We just wrapped up roof #7. First one was a 26sq 8:12 & 10:12 two story, penetrations and valleys everywhere... definitely unnerving but I pulled through it and she looks great. So far I've done pretty much everything from a 4:12 to a 12:12 and I'm beginning to get a "feel" for the pitches. I'm not comfortable... but I've adapted. Coming from a fear of heights to a "deep respect" is a nice feeling!

Things I've learned...


Roofs get hot quick.

Wrangler's don't hold up more than a week or two but Carhartt's are nearly bulletproof.

Fixed blade utility knives are the way to go.

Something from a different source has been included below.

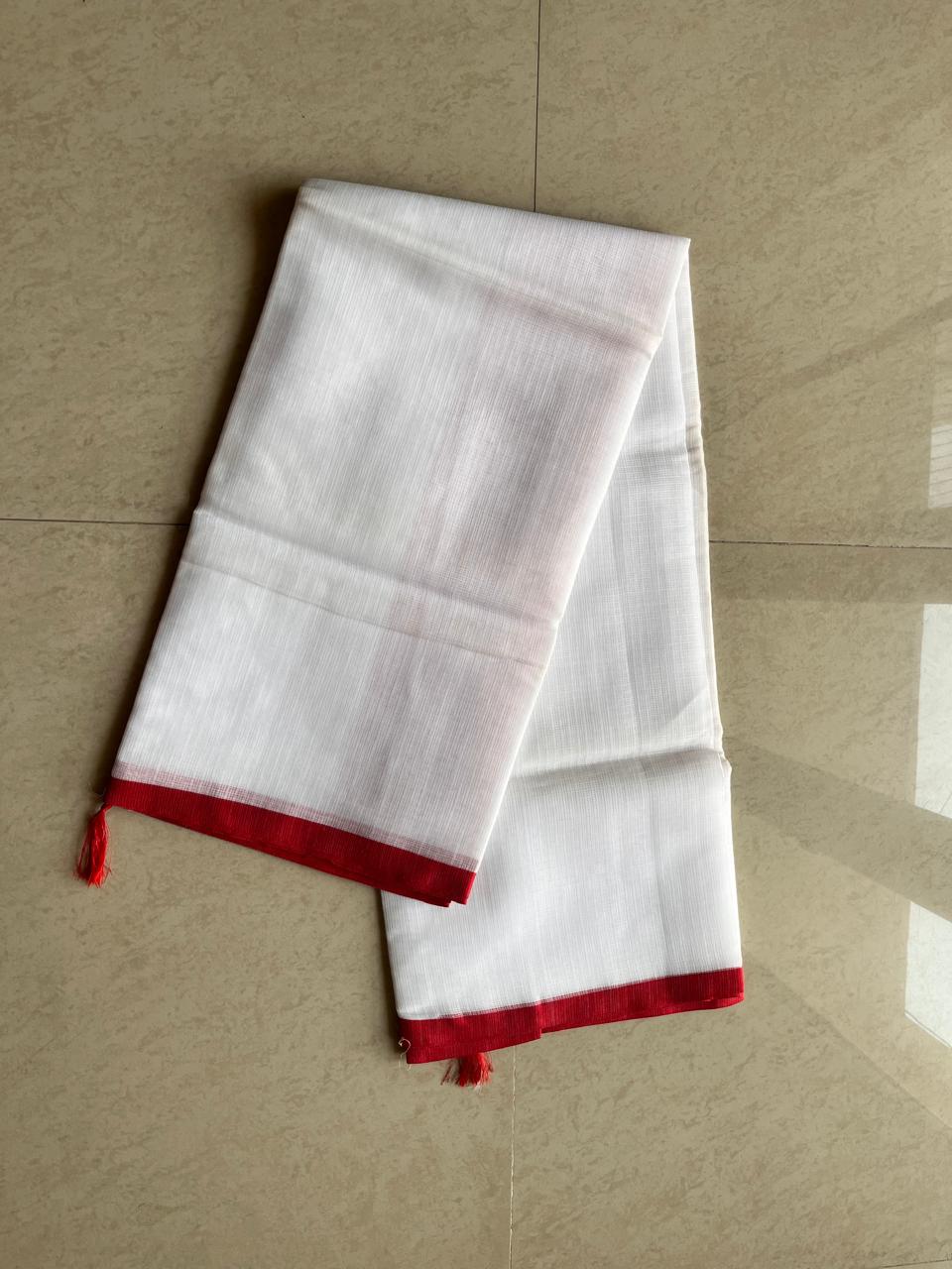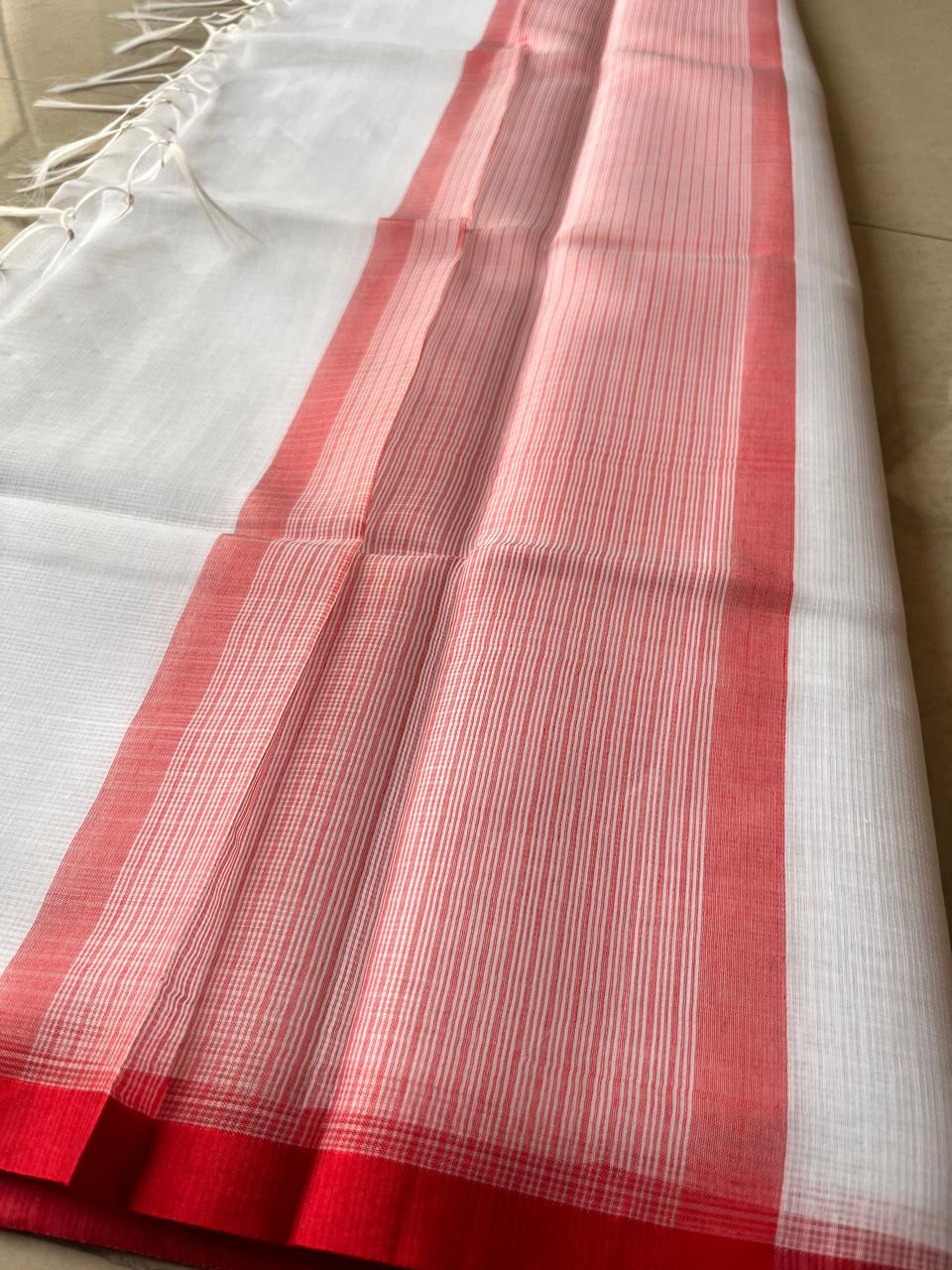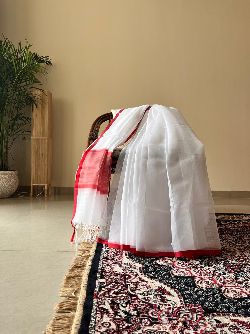 Elevate your summer style with our Crimson Whisper Kota Doriya Saree, a perfect blend of tradition and elegance. Crafted from the finest Kota Doriya fabric, this saree is known for its sheer, airy texture, making it an ideal choice for warm weather. The classic white base is beautifully complemented by a striking red border, adding a touch of vibrant contrast.

Roofing is waterproofing. Period.

4:12 or 12:12, that last step is a big one.

3-Tab's are a bitch.

Bundles are heavier on Monday morning.

Gloves don't last more than a couple days.

Trust your equipment.

Stay on your cushion.


I'm running with a two man crew, me and my boss. We're averaging 10sq-15sq tore off and put back in one 10 hour day on low pitches. We also managed to lay down 7sq in one hour on a 4:12 when threatened with an approaching squall line (and it looked great too!).

So far, I'm loving it. Great money, great workout and I certainly take pride in my work!

There's nothing like driving along with my wife and going "Honey, see that roof there? We just put that on." with a big smile. :thumbup:


PS: How much overhang do most of you guys run over your drip edge with architectural shingles? My boss has a tendency to cut them perfectly flush (I'd assume because it's easier to keep a straight line) but I've heard that at least 3/8" overhang is preferred. It seems like cutting it flush would allow moisture to "roll" under the shingle and get between the drip edge and the underlayment. Is this a correct assumption?


----------



## A1TQC (Aug 19, 2012)

Get you some CougarPaw boots, have replaceable pads that will help footing and pretty comfortable. We use cushions to prevent shingles sliding, not allowed to use sitting or on your knee approach here. If really hot we sometimes use carpet to prevent scarring shingles.


----------



## AnyMonkey (Nov 26, 2012)

A1TQC said:


> Get you some CougarPaw boots, have replaceable pads that will help footing and pretty comfortable. We use cushions to prevent shingles sliding, not allowed to use sitting or on your knee approach here. If really hot we sometimes use carpet to prevent scarring shingles.


 
curious what you mean by not allowed to there? you mean by your company or by workers comp or?


----------



## roofermann (Jul 7, 2012)

Merrel brand trail shoes are the best roofing shoes I've found after 23 years in the biz. I don't like a harness and won't wear one unless OSHA is nearby. Cushions and early starts are the way to deal with the heat. If you're that scared, maybe being up high isn't a good career path.:thumbup:


----------



## John's Roofing (Nov 16, 2011)

Had a question for Roofermann in Virginia. His comment about fall protection.....Does OSHA inform you they are in the area? There are other ways to meet OSHA fall protection besides wearing a harness. Safety should be our # 1 concern....followed by Quality Work....


----------